Still more lazy thoughts from this one…

Drive Book/Audiobook Review

Hardcover Publisher: Poison Pen Press (September 1, 2005)
ISBN: 978-1590581810
Softcover Publisher: Mariner Books (August 30, 2011)
ISBN: 0547791097
Audiobook Publisher: Blackstone Audio (August 1, 2007)
ISBN: 9781455126057

Every year, the L.A. Times Festival of Books arrives on Spring’s doorstep of April. For a family of readers, it’s been an annual event in my household for more than a dozen years. Plus, meeting up with book bloggers like Jen ForbusPop Culture Nerd, and the Scientist Gone Wordy in the last few years at this gathering has turned out to be an unexpected icing on the cake. As I knew it would, the most recent fest on USC’s campus was no less thrilling. For this, I thought a change-up was in order and suggested as much to my co-contributor for this month’s you-know-what post.

With that, we’ve arrived again at that time for the blogger otherwise known as the Scientist Gone Wordy and I to execute another of our reviews in parallel. However, we will break new ground (as promised) here. Normally, the wordy one looks at the text of a well-known novel later adapted to the screen, which I then review. Not this time buckaroos.

I’ll do the reading/listening (as I’ll also cover the audiobook) of the source literary material for one of my favorite films of 2011. It will be Rachel’s turn to perform the film review task in this tour of duty. And it will be the young and remarkable Dane director, Nicolas Winding Refn, and his stunning film, Drive, that will be in her sights. Author James Sallissimilarly titled novel (or much closer in size to what some of us would call a novella) will receive my less-practiced inkhorn scrutiny.

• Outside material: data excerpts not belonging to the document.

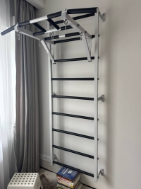 Отличная шведская стенка! Установил её в квартире, и теперь у меня есть возможность заниматься в любое время. Крепления действительно надёжные, и вся конструкция выглядит очень устойчиво. Я даже не ожидал, что она выдержит мой вес, а она справляется с нагрузкой без проблем. Единственное, что немного смущает - это установка, понадобилась помощь. Но в целом, я очень доволен!
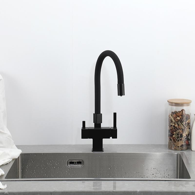 Смеситель для кухни Gappo G4395-36 с подключением фильтра питьевой воды и гибким изливом чёрный купить
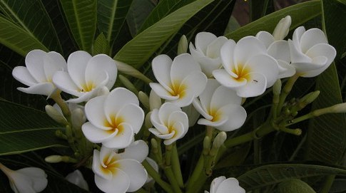 Plumeria Dwarf Singapore White - карликовое деревце высотой всего 1,8 м. Растение предпочитает солнце. Листья темно-зеленые, поперечно-жилкованные, удлиненные. Цветки снежно-белые, простые,с желтым центром, обладают очень нежным ароматом.
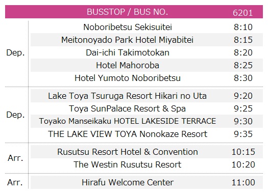 *If you make a round day trip to Rusutsu Ski Area, you can get on/off at only Rusutsu Resort Hotel & Convention.
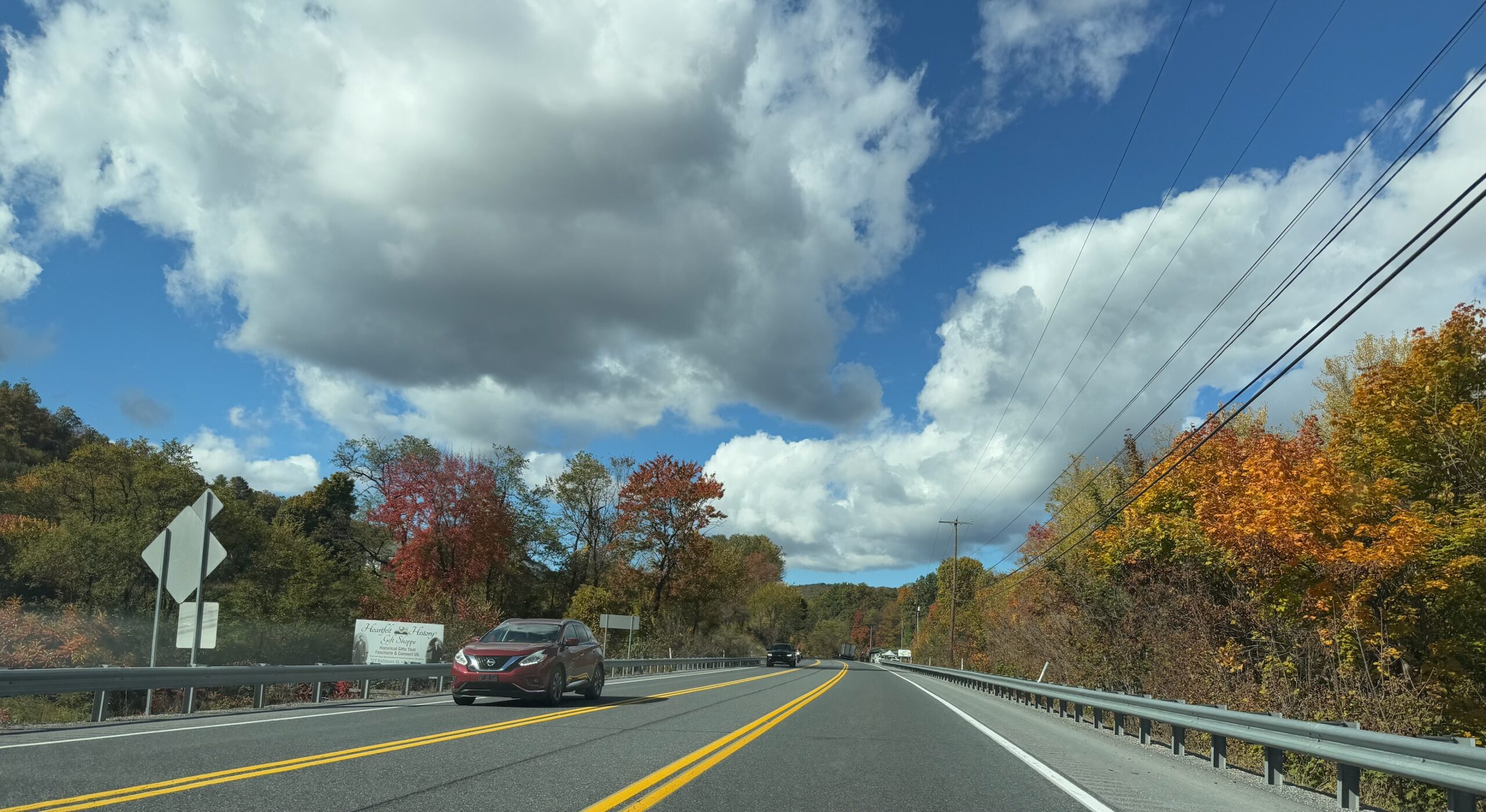 Saturday, October 25 — We decided to take a drive to see the leaves change color. Eric found an app that said that as of this morning, Chambersburg, Pennsylvania was the closest place that had the best ratio of colorful leaves. What was interesting was that last night, it gave us a different town, so clearly, it’s being updated frequently.
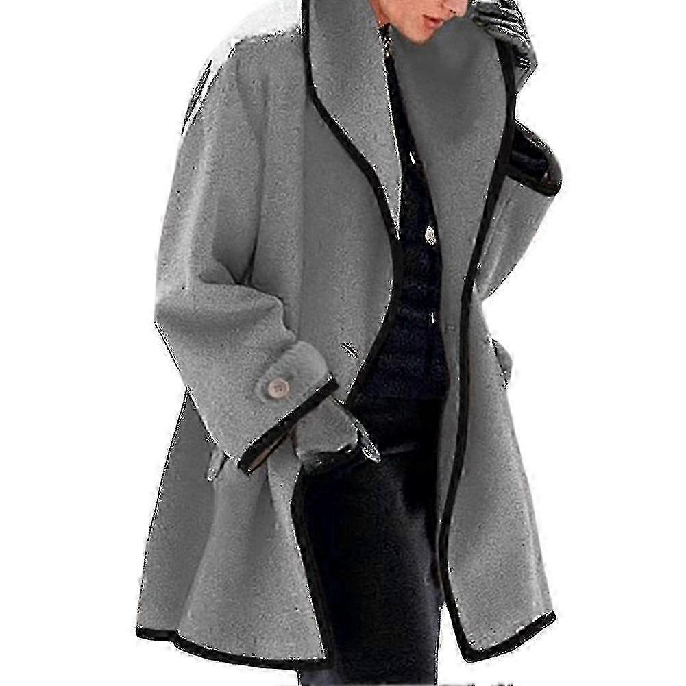 Women"s Autumn Winter Woolen Coat Hooded Color Block Woolen Coat Long Sleeve Cardigan Trench Jacket

Rachel’s film review can be found here:


A brief synopsis of the book: a lean, taciturn young man drives cars to make a living in the City of the Angels. His standard reply, “I drive.“, doesn’t make it any clearer than that. The thus named Driver performs stunt work for the L.A. movie companies and he’s very good at it. However, it’s his equally adept secondary occupation that holds the most risk. He is the go-to guy for professional wheel-work in the city’s underbelly most of us hide from. Planning a robbery? The Driver will get you from here to there and out of law enforcement’s clutches. He doesn’t carry a gun or take part in the illegal act other than drive. However, this time he’s left in the middle of a heist gone wrong (now I ask you, is there any other type?). And being double-crossed is not in this guy’s repertoire, literally.

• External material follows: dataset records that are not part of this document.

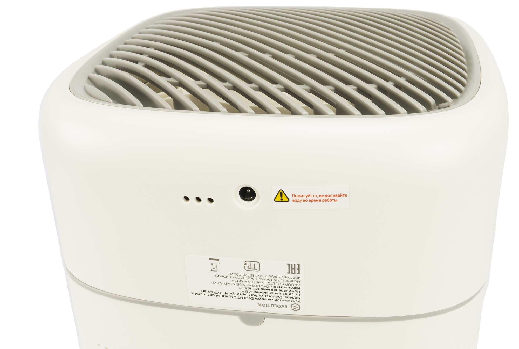Как и некоторые другие модели Evolution, данный увлажнитель работает по принципу естественного испарения: вода впитывается в фильтр и испаряется, а встроенный вентилятор обеспечивает циркуляцию воздуха.
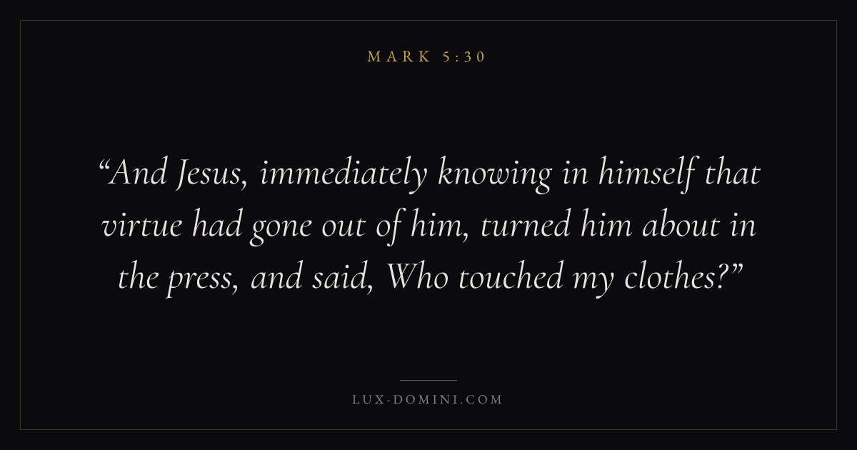 And Jesus, immediately knowing in himself that virtue had gone out of him, turned him about in the press, and said, Who touched my clothes?
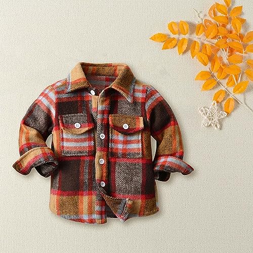 Toddler Baby Girl Boy Flannel Jacket Plaid Shacket Long sleeve Button Down Shirt Tops Children Fall Winter Coat 6
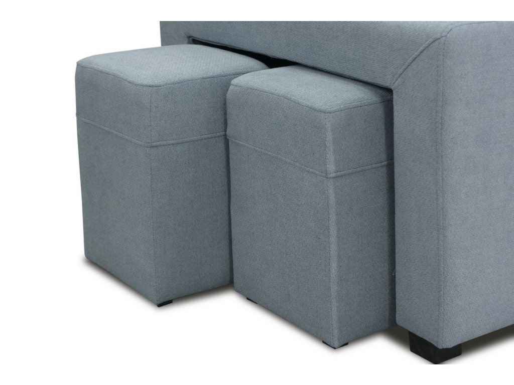 Elegantní celočalouněná rozkládací rohová sedačka ve tvaru L s regulovatelnými opěrkami. Rozkládá se vysunutím přední části pomocí automatu na pístech ( viz. obrázky ). Spací plocha po rozložení je 188 x 115 cm. Sedačka obsahuje také dva taburety schované pod boční opěrkou a praktický úložný prostor. Díky kombinaci vlnovcových a bonelových pružin s HR PUR pěnou zaručuje sedačka komfortní pohodlí. Hloubka sedu je 55 cm, výška sedu 46 cm. Barevné provedení - látka Metro 45.Doplňkové parametry

[spoiler warning: you don't know what I'm going to write or reveal in this because I'm steering through it all with my knees, so beware]

“Much later, as he sat with his back against an inside wall of a Motel 6 just north of Phoenix, watching the pool of blood lap toward him, Driver would wonder whether he had made a terrible mistake. Later still, of course, there’d be no doubt. But for now Driver is, as they say, in the moment. And the moment includes this blood lapping toward him, the pressure of dawn’s late light at windows and door, traffic sounds from the interstate nearby, the sound of someone weeping in the next room…” ~ opening lines in Drive.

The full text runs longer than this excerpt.